SOURCE MATERIAL.
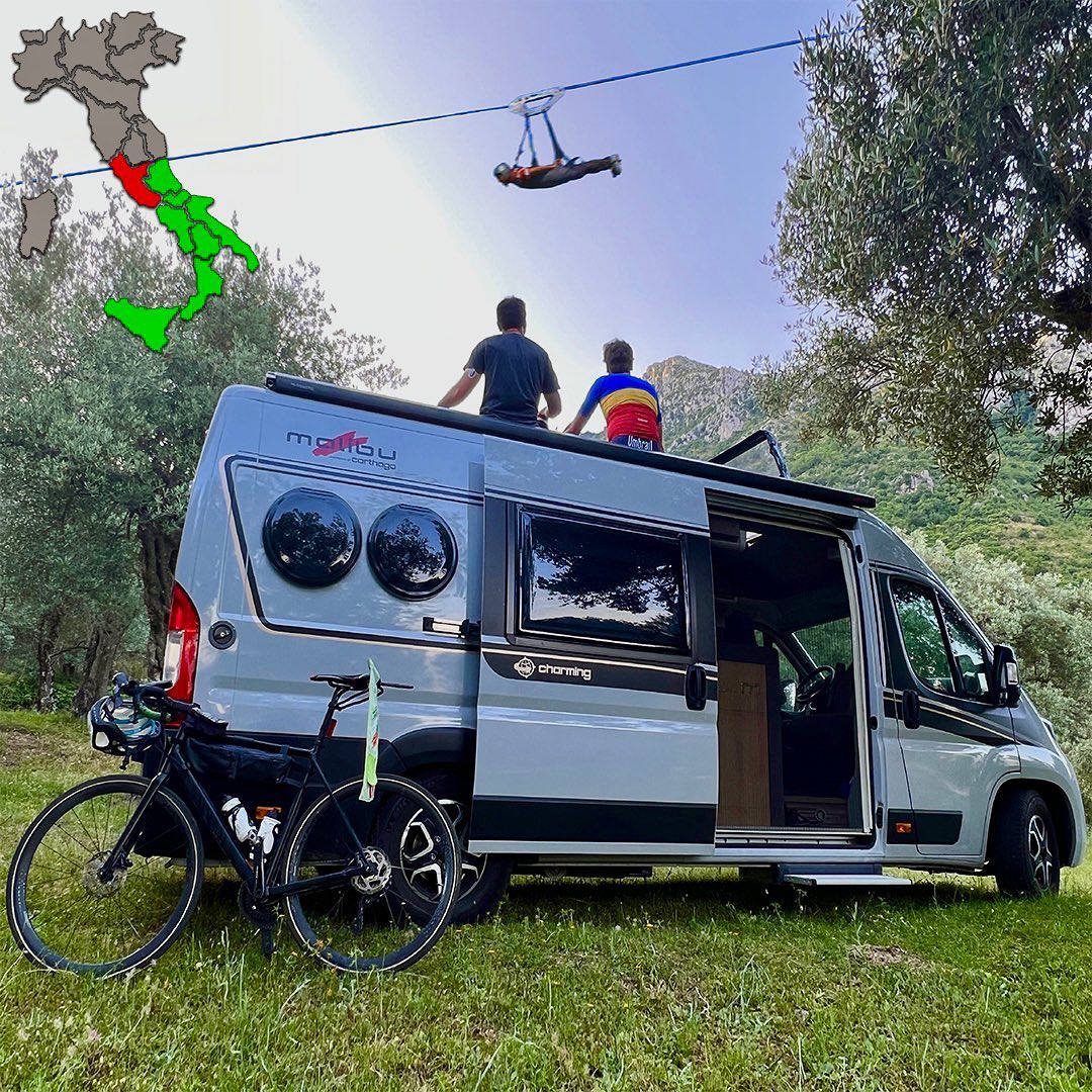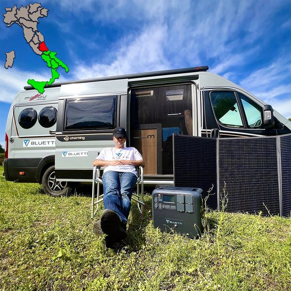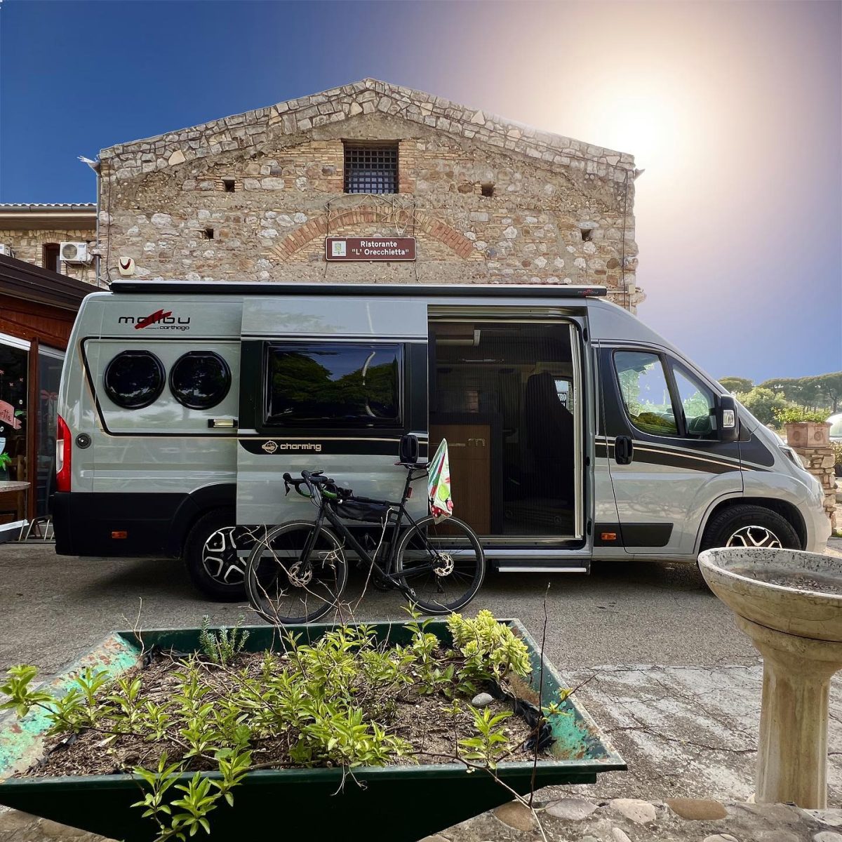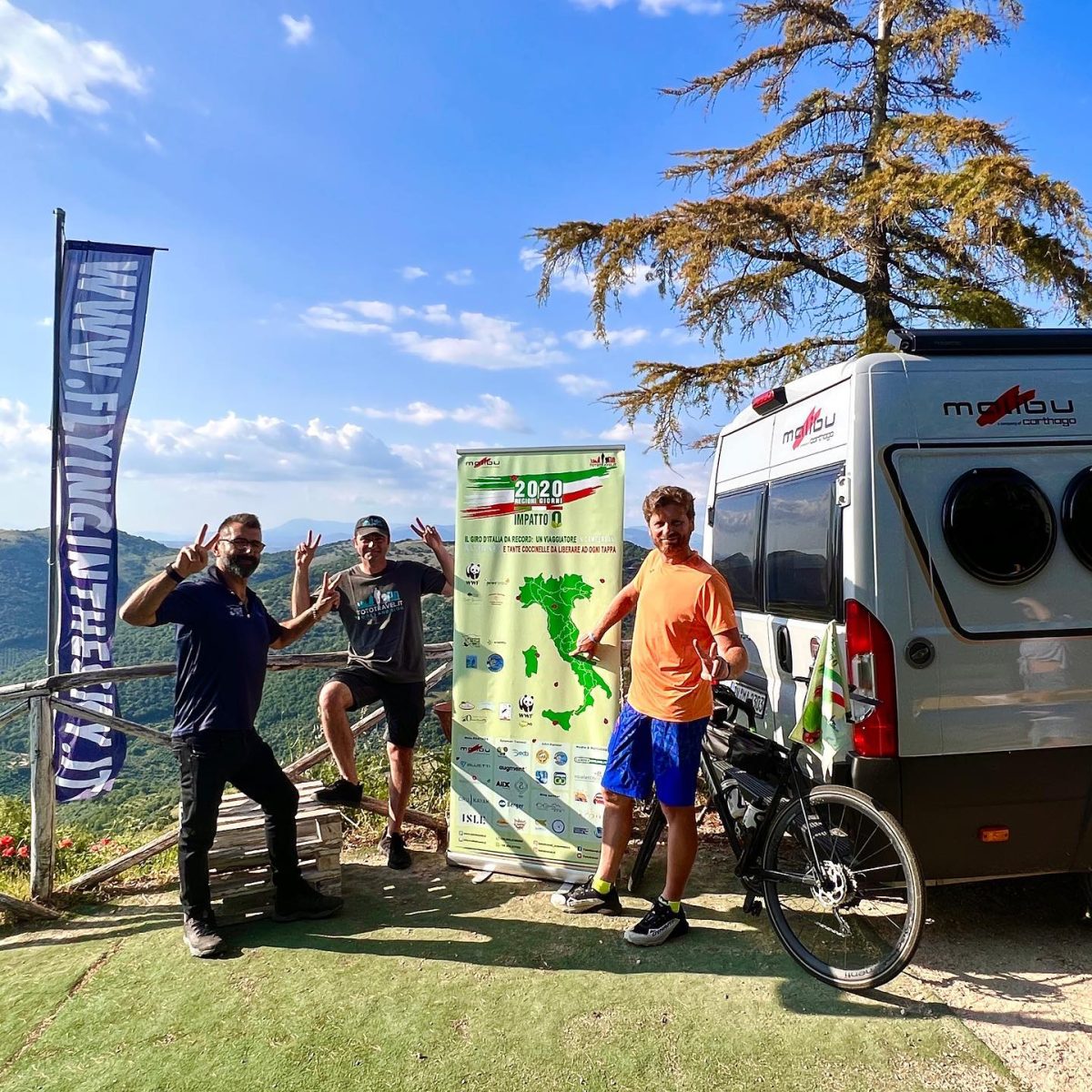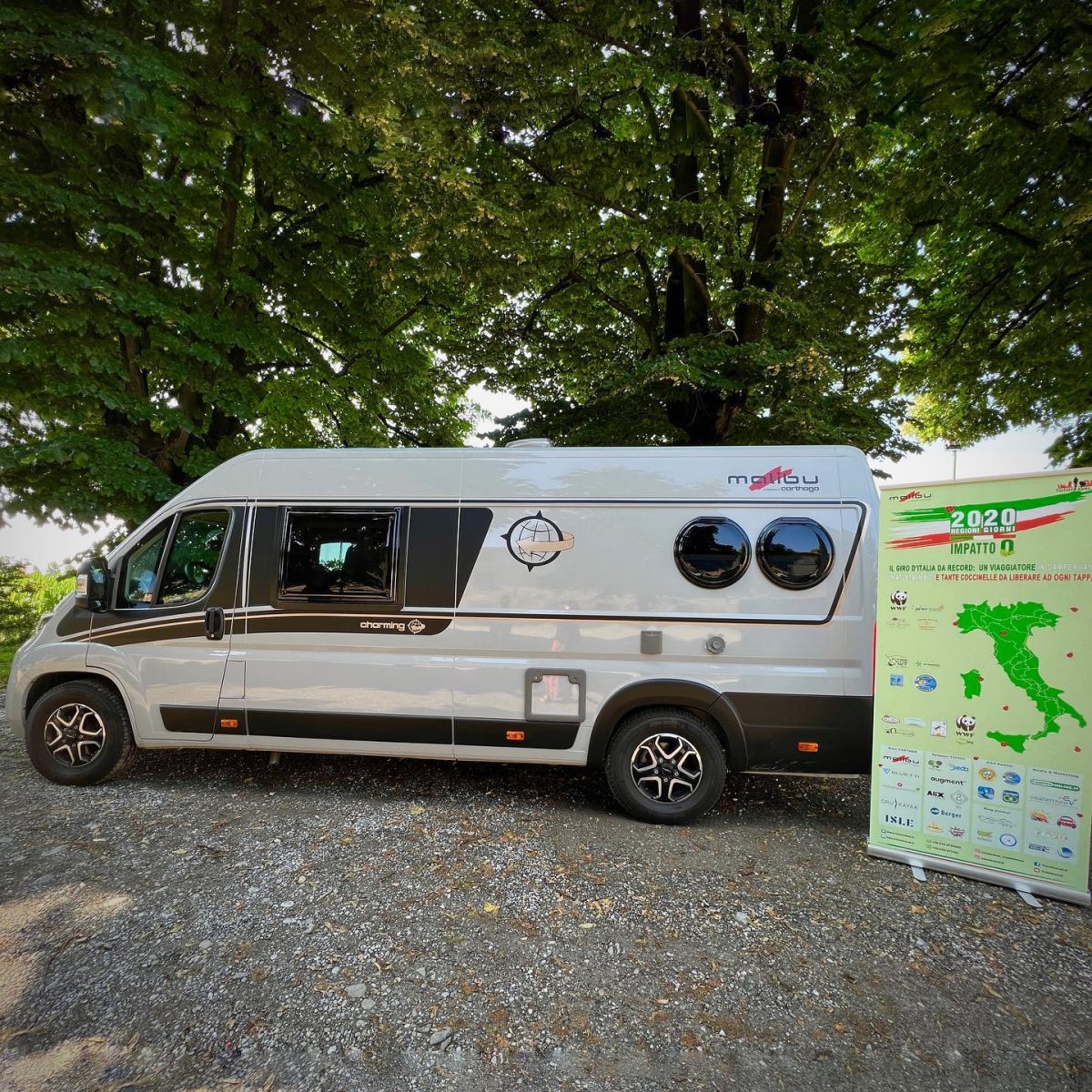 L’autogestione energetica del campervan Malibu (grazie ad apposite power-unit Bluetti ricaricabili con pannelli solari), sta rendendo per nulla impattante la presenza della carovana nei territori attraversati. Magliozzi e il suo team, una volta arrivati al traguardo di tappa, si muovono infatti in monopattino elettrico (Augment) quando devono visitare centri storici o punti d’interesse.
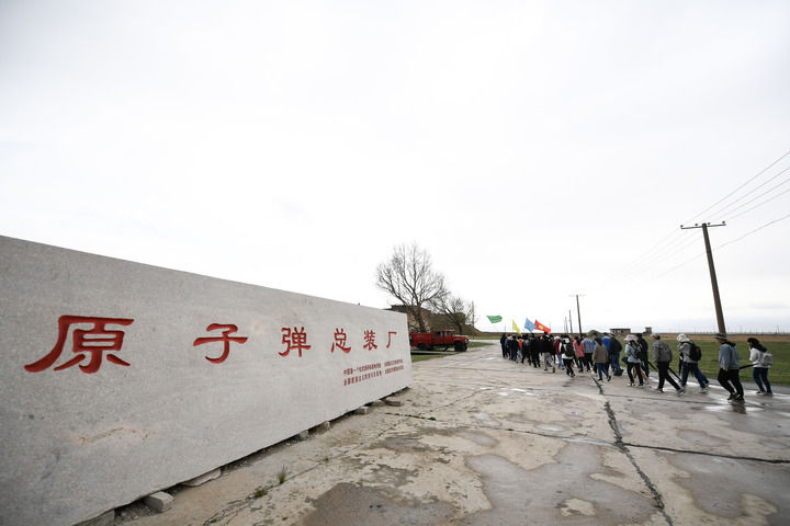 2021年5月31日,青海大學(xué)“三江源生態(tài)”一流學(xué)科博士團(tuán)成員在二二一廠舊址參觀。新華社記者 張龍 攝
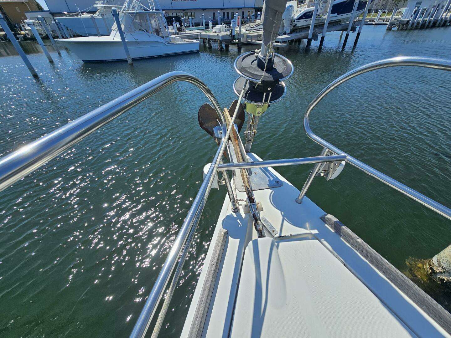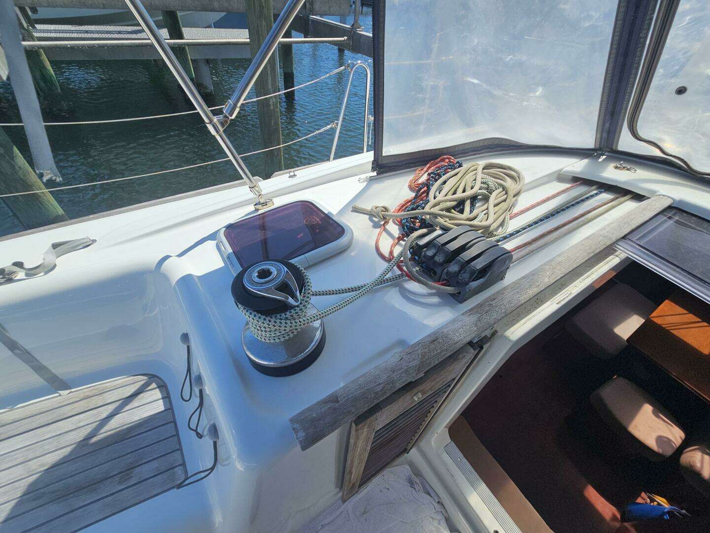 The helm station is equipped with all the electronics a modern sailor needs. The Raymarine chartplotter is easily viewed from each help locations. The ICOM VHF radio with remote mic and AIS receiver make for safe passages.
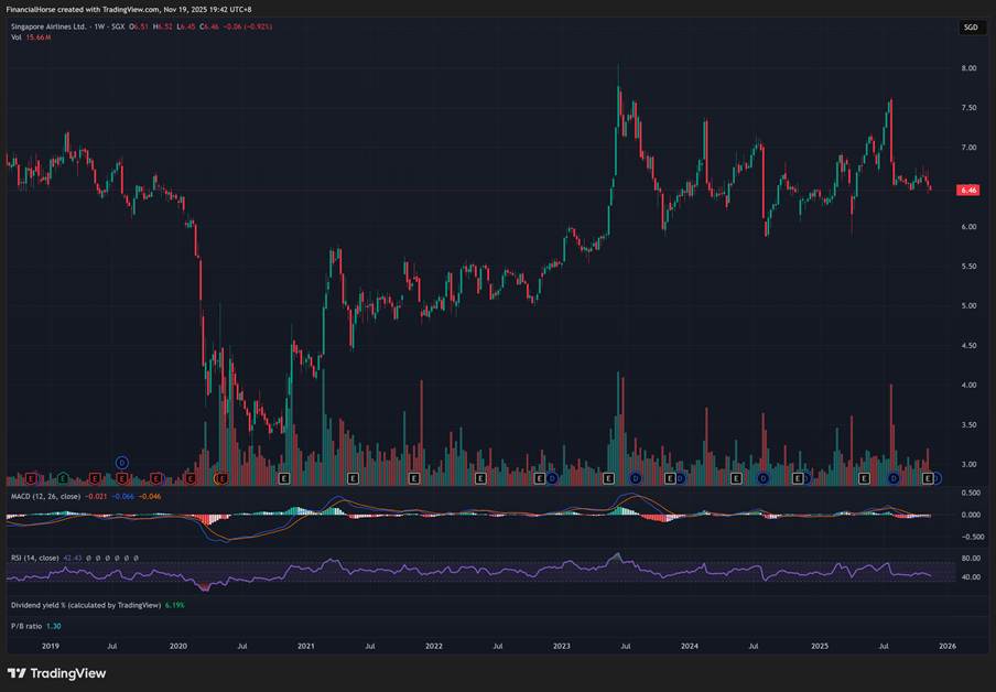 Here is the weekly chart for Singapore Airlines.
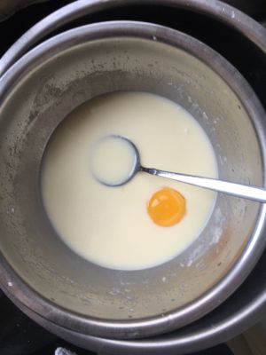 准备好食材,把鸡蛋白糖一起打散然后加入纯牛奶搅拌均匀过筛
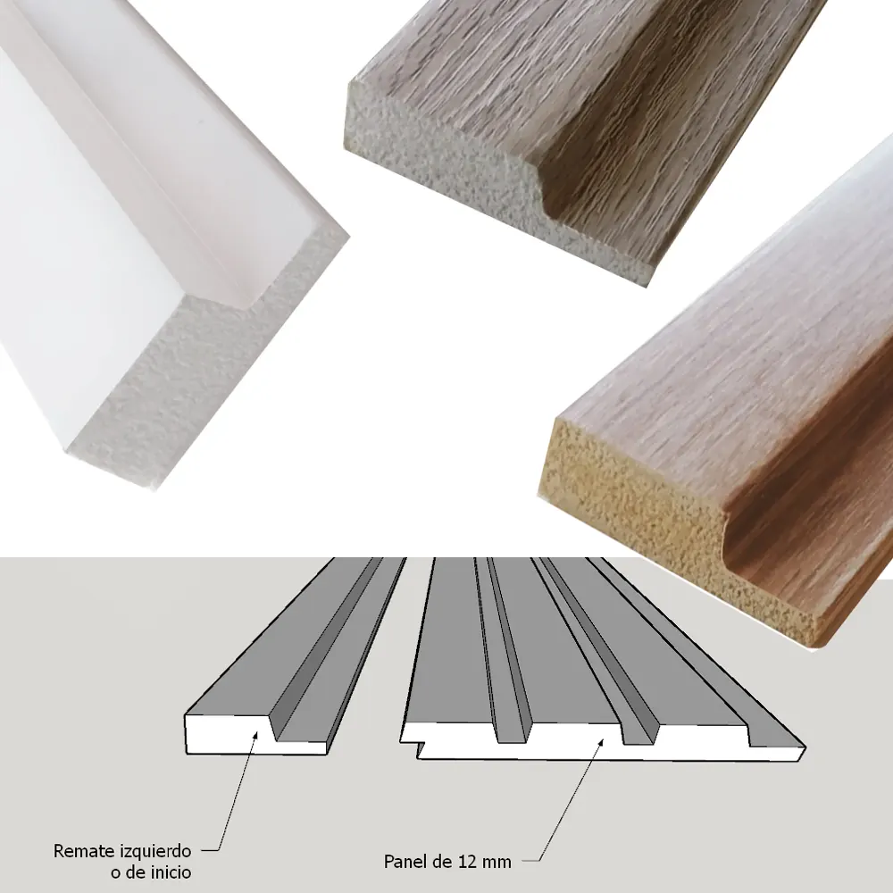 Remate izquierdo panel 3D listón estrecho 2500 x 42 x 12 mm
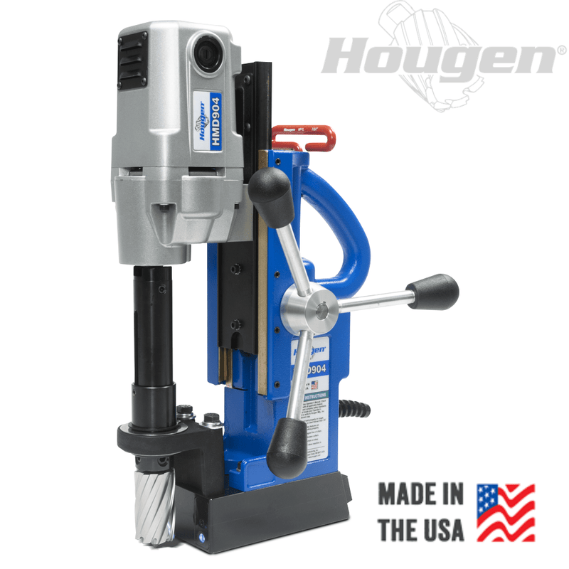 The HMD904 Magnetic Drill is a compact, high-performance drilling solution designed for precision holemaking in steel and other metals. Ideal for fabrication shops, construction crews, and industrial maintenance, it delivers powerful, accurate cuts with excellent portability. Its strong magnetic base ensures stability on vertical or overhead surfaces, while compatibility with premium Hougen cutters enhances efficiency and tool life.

GOAL OF THE EXERCISE.
Range to copy from the listing above: the line with "准备好食材,把鸡蛋白糖一起打散然后加入纯牛奶搅拌均匀过筛" through the line with "Remate izquierdo panel". Transcribe it exactly and skip the pictures.

ANSWER TO THIS EXERCISE.
 准备好食材,把鸡蛋白糖一起打散然后加入纯牛奶搅拌均匀过筛
 Remate izquierdo panel 3D listón estrecho 2500 x 42 x 12 mm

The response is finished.